In summary: The copper bismuthate/calcium bismuthate composite material of the present invention has a stable structure, good solar energy utilization and photocatalytic carbon conversion activity, and has broad application prospects in the fields of photocatalytic _CO2 conversion and waste plastic treatment.

Claims (4)

1. The application of the copper bismuthate/calcium bismuthate composite material in converting hydrocarbon fuel by photocatalysis plastic is characterized in that the copper bismuthate/calcium bismuthate composite material is prepared by the following steps:

1) Dissolving bismuth nitrate pentahydrate and disodium ethylenediamine tetraacetate in an acetic acid solution, then adding absolute ethyl alcohol, and stirring to obtain a clear solution;

2) Adding copper nitrate trihydrate and calcium nitrate tetrahydrate into the clarified solution obtained in the step 1), stirring for 0.5-2h, and then adding sodium hydroxide solution to obtain a copper bismuthate/calcium bismuthate composite material precursor solution;

3) Placing the copper bismuthate/calcium bismuthate composite material precursor solution obtained in the step 2) into an oven for heat preservation, naturally cooling, centrifuging, washing and drying to obtain the copper bismuthate/calcium bismuthate composite material;

In the step 3), the mixture is placed in an oven to be kept at 180-230 ℃ for 6-36h.

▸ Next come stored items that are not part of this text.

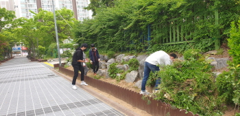 외지 봉사자가 장곡동 방치된 공원을 가꿨다.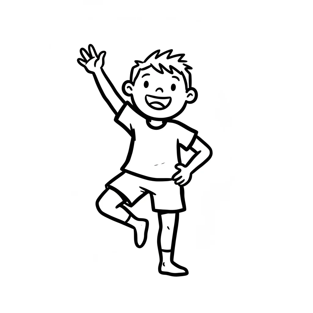 Schwarz-weiße Strichzeichnung eines lächelnden Jungen, der winkt und auf einem Bein steht.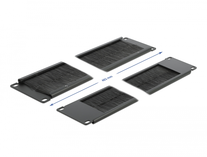 Denne børsteliste fra Delock er velegnet til montering i et 19″ netværksskab. Netværkskablerne føres simpelthen fra front til bag, så synet af kablerne inde i netværksskabet blokeres, og netværksskabet efterlader et pænt samlet indtryk. De medfølgende nylonbørster forhindrer indtrængen af støv og snavs.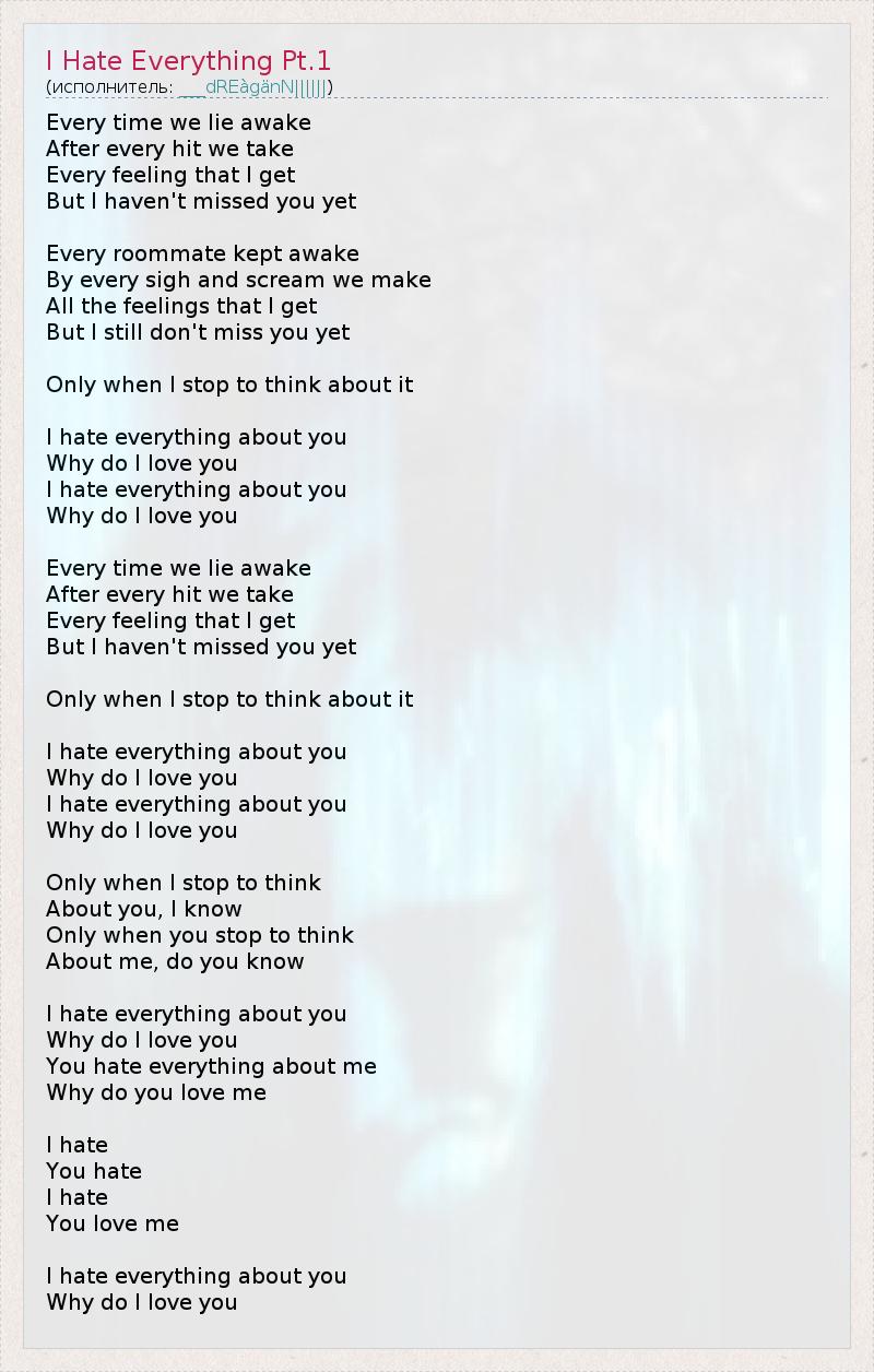 А как ты думаешь, о чем песня "I Hate Everything Pt.1" ?

2. The use of a copper bismuthate/calcium bismuthate composite according to claim 1, wherein in step 1), 1.94-14.55 g bismuth nitrate pentahydrate and 0.5-6.0 g disodium edetate are dissolved in an acetic acid solution.

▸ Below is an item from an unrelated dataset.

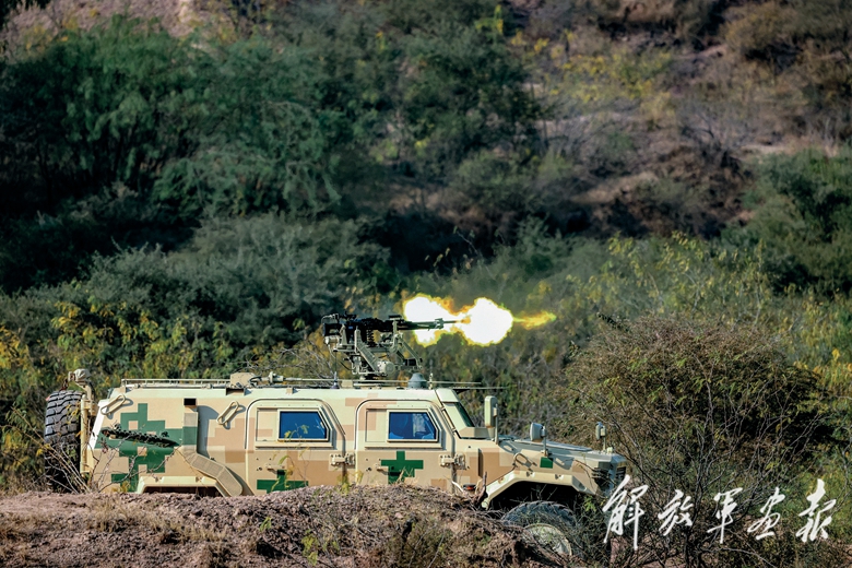 中方参演部队使用车载遥控武器站对目标实施火力压制。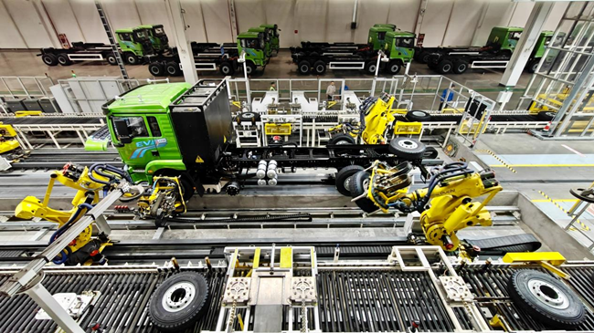 在陜汽新能源重卡生產(chǎn)基地汽車(chē)總裝配線上,一輛輛重卡從生產(chǎn)線開(kāi)出。

3. The application of the copper bismuthate/calcium bismuthate composite material in converting hydrocarbon fuel by photocatalytic plastic according to claim 1, wherein in the step 2), 0.48-3.62 g of copper nitrate trihydrate and 0.16-1.18 g of calcium nitrate tetrahydrate are added.

4. The application of the copper bismuthate/calcium bismuthate composite material in converting hydrocarbon fuel by using photocatalytic plastic according to claim 3, wherein 40-80 mL sodium hydroxide solution with a concentration of 9-11mol/L is added in the step 2).